• Records from a dataset:
* * *
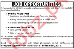 Vacancies in Manufacturing Concern Advertisement September 2019
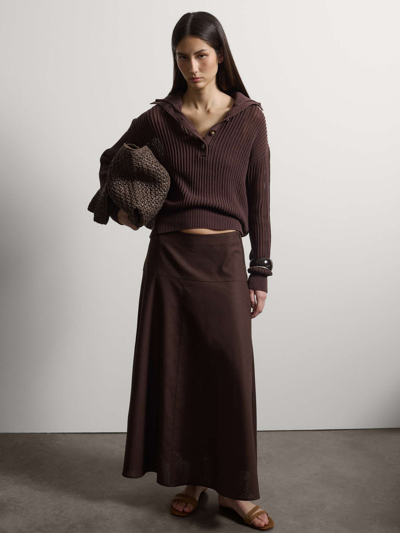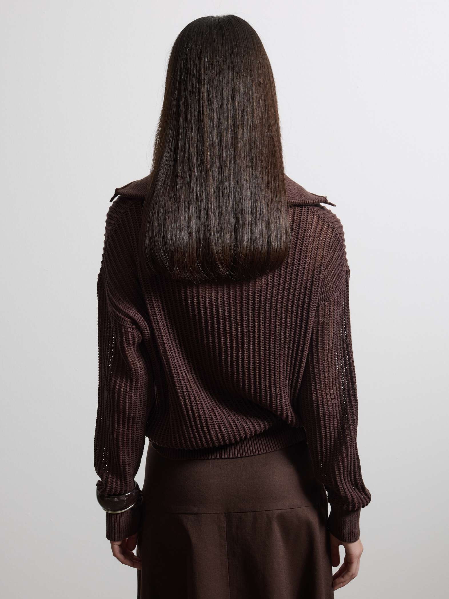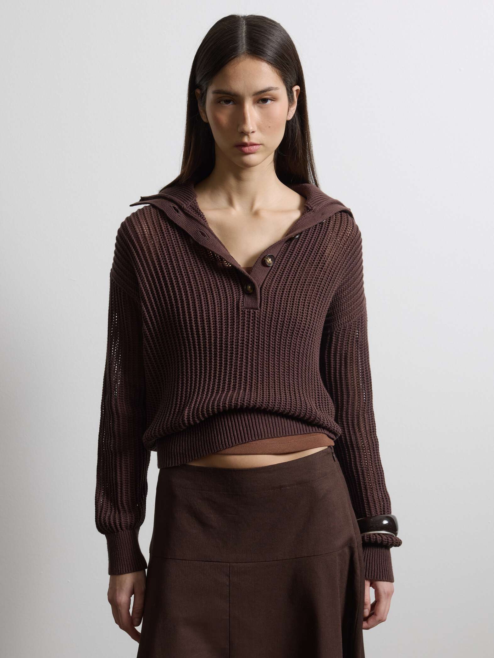 Το καφέ πουλόβερ από καθαρό βαμβάκι είναι ένα ιδανικό ένδυμα για την ανοιξιάτικη-καλοκαιρινή σεζόν.
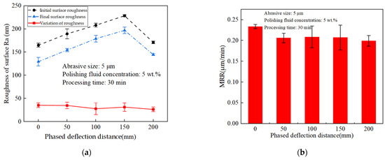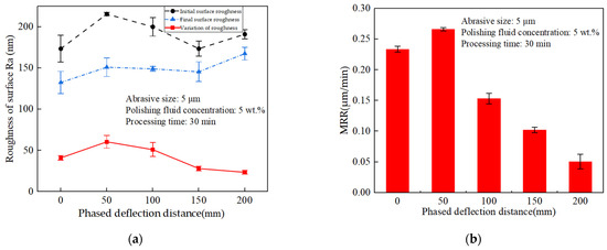 However, this effect for the actual tube polishing could not achieve a uniform smooth effect; different phase control distances require the application of voltage control to maintain uniform polishing. By the voltage input law in Table 2, the different phase control deflection distances of 0, 50, 100, 150, and 200 mm were processed, to observe the different phase control deflection distance polishing before and after the change rule of the roughness difference and the influence of the MRR; the results are shown in Figure 17. From Figure 17a, it can be seen that the roughness variation amount remains approximately the same at each phased deflection distance under the control of voltage input. In addition, the MRR variation rates in Figure 17b were all around 0.2 μm/min, which indicates that this voltage control could achieve the overall uniform polishing of the inner wall of the phased channel and confirms the simulation results.
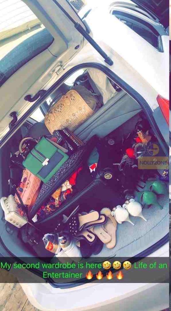 The actress who just recently got out of rifts with her colleagues, even though, Juliet Ibrahim has still not accepted her apology; took to her page to share photos of her new car as she turns it into a wardrobe.
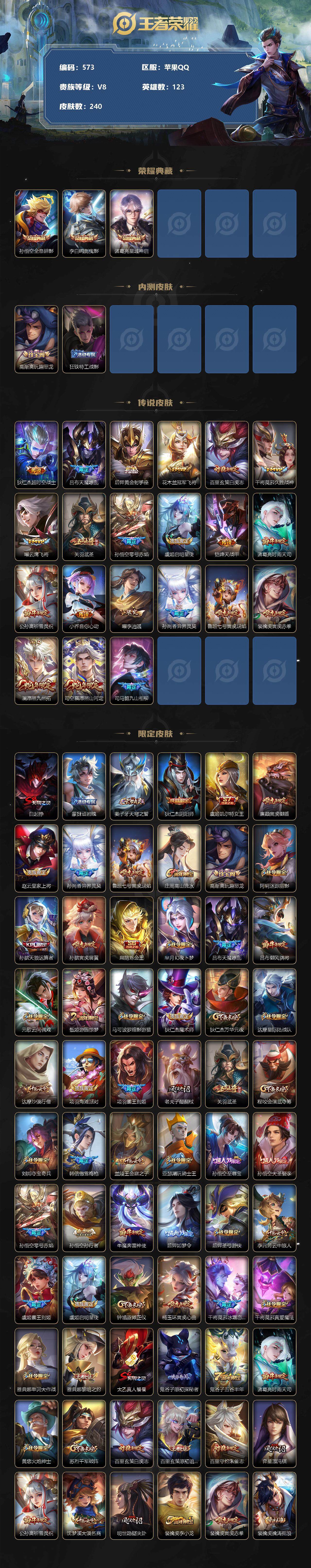 - [11808217]【商品标题】:苹果Q-V8-最强王者段位-125英雄-215皮肤-1典藏-0珍品无双-0无双-0珍品传说-18传说-68史诗 【荣耀典藏】:李白鸣剑曳影 【传说皮肤】:大司命死亡执政官,司空震愿照山河定,赵云乘龙铭钟鼎,马超琥珀纪元,铠琥珀纪元,澜逐花归海,夏洛特浮生妄,曜山海苍雷引,李白诗剑行,橘右京枫霜尽,马可波罗深海之息,马超无双飞将,曜李逍遥 ,镜炽阳神光,虞姬启明星使,李信一念神魔,花木兰冠军飞将,宫本武藏地狱之眼 【限定皮肤】:暃埋骨钱,蒙犽顽岩魄,蔡文姬夏日便利店,虞姬夏日便利店,姜子牙天穹之誓,狄仁杰阴阳师,赵云皇家上将,孙尚香蔷薇恋人,庄周高山流水,高渐离死亡摇滚,元歌无心,马可波罗深海之息,狄仁杰魔术师,达摩沙漠行僧,项羽海滩派对,韩信逐梦之影,韩信飞衡,韩信傲雪梅枪,王昭君午后时光,兰陵王金庭之子,橘右京枫霜尽,孙悟空孙行者,李元芳云中旅人,虞姬启明星使,钟馗驱傩正仪,雅典娜黎明之约,太乙真人华丽摇滚,鬼谷子五谷丰年,苏烈千军破阵,百里玄策原初追逐者,梦奇顽趣,沈梦溪大漠名商,裴擒虎擒涛扼浪,狂铁电玩高手,云中君纤云弄巧,嫦娥暖冬兔眠,曜李逍遥 ,曜山海苍雷引,西施玲珑珍味,鲁班大师探海日志,桑启海盐诗旅,夏洛特浮生妄,暃星界游侠,戈娅驭风魔法,艾琳流音漫舞,赵怀真鹤归松栖,司空震地狱燃心,阿古朵江河有灵,张良古海寻踪,蒙犽百解令,蒙恬荣光圣徽,鬼谷子天穹祈灯,铠琥珀纪元,马超琥珀纪元,赵云乘龙铭钟鼎,百里玄策超元猎域,沈梦溪龙舞盛年,鲁班七号蔬乡物语,李元芳蔬乡物语,刘邦剑破天穹,镜青焰无极,项羽苍威无极,刘备异域游侠,周瑜熔金海岸 【年限皮肤】:韩信飞衡,马超神威,曜山海苍雷引,赵云乘龙铭钟鼎 【赛季限定】:达摩沙漠行僧,兰陵王金庭之子,张良古海寻踪,李元芳云中旅人,钟馗驱傩正仪,雅典娜黎明之约,苏烈千军破阵,百里玄策原初追逐者,梦奇顽趣,沈梦溪大漠名商,裴擒虎擒涛扼浪,鲁班大师探海日志,桑启海盐诗旅,鬼谷子天穹祈灯,蒙恬荣光圣徽,刘邦剑破天穹,姜子牙天穹之誓 【战令限定】:蔡文姬夏日便利店,虞姬夏日便利店,王昭君午后时光,艾琳流音漫舞,狂铁电玩高手,嫦娥暖冬兔眠,西施玲珑珍味,司空震地狱燃心,暃星界游侠,戈娅驭风魔法,鲁班七号蔬乡物语,李元芳蔬乡物语,镜青焰无极,项羽苍威无极 【史诗皮肤】:露娜紫霞仙子,阿轲暗夜猫娘,赵云皇家上将,赵云
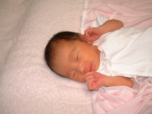 ★2003年8月16日★ 病院から退院してきたところのなっちゃん、生後5日目です。 「手が大きいね」「指が長いね」との評判でした♪ 口元と目元はパパ似、団子っ鼻はママ似との噂です。(笑)
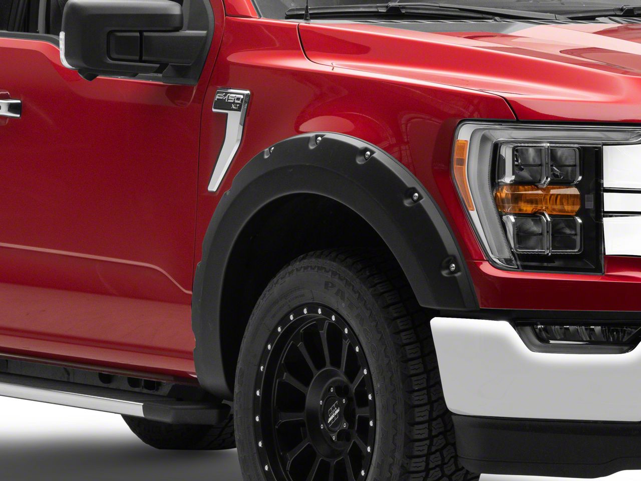 Stylish and Functional. Give your F-150 a rugged upgrade with the Bolt-On Style Fender Flares in Textured Black. This set of 4 front and rear fender flares have a bolt-on style design that gives your truck an off-road-ready vibe while protecting the opening of the wheel wells from road debris. These fenders come with stainless steel bolts for a more authentic overall look.
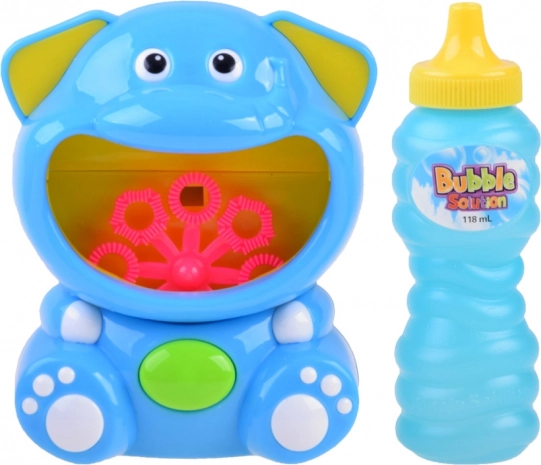 Gießen Sie die Lösung in die Öffnung, drücken Sie den Knopf am Bauch des Elefanten und beobachten Sie, wie sich die Scheibe dreht und ein Strom regenbogenfarbener Bläschen herausfliegt.
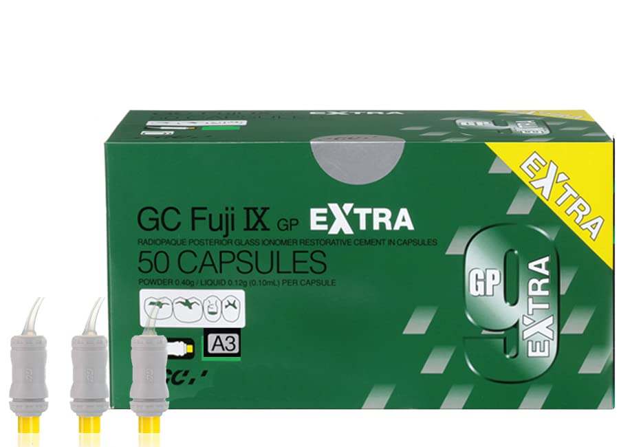 The GC Fuji IX GP Extra Glass Ionomer Dental Capsules A3 Shade 50/Pk, provide a high-strength restorative solution in convenient capsule form. This pack contains 50 A3 shade capsules of the extra durable formula, ideal for stress-bearing areas and long-lasting restorations. The packable consistency allows for easy condensation and adaptation, while the self-cure system delivers reliable performance without light curing. With superior physical properties and fluoride release, Fuji IX GP Extra is perfect for Class I, II, and V restorations in permanent teeth. The pre-proportioned capsules ensure consistent mixes every time for efficient clinical workflow.
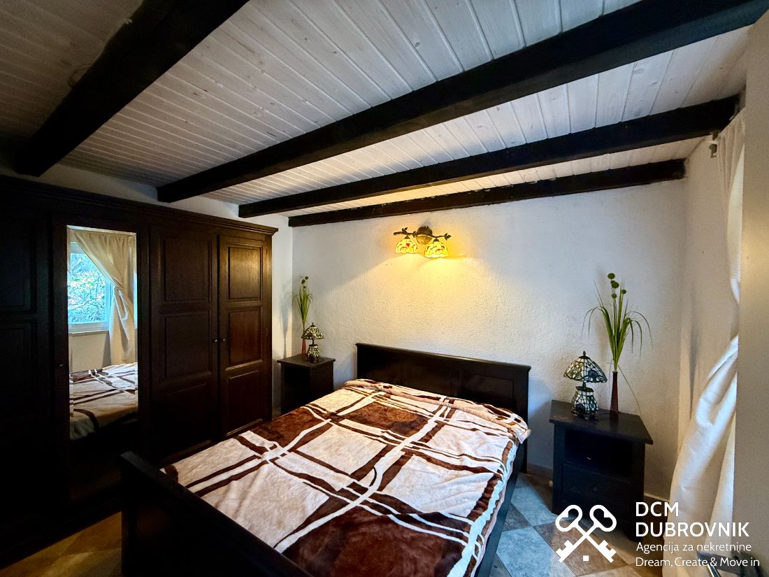 Donja kuća se sastoji od dva stana po 50 m2, svaki s dnevnim boravkom, kuhinjom i trpezarijom, jednom sobom i kupaonicom, te zahtijeva blage izmjene i prilagodbe kako bi poprimila svoj prvobitni šarm.
* * *
• THE TASK: Copy out exactly the lines above beginning with the line that contains "Stylish and Functional." and finishing with the line that contains "Gießen Sie die", including both; leave the pictures out.

• WRITTEN RESPONSE:
 Stylish and Functional. Give your F-150 a rugged upgrade with the Bolt-On Style Fender Flares in Textured Black. This set of 4 front and rear fender flares have a bolt-on style design that gives your truck an off-road-ready vibe while protecting the opening of the wheel wells from road debris. These fenders come with stainless steel bolts for a more authentic overall look.
 Gießen Sie die Lösung in die Öffnung, drücken Sie den Knopf am Bauch des Elefanten und beobachten Sie, wie sich die Scheibe dreht und ein Strom regenbogenfarbener Bläschen herausfliegt.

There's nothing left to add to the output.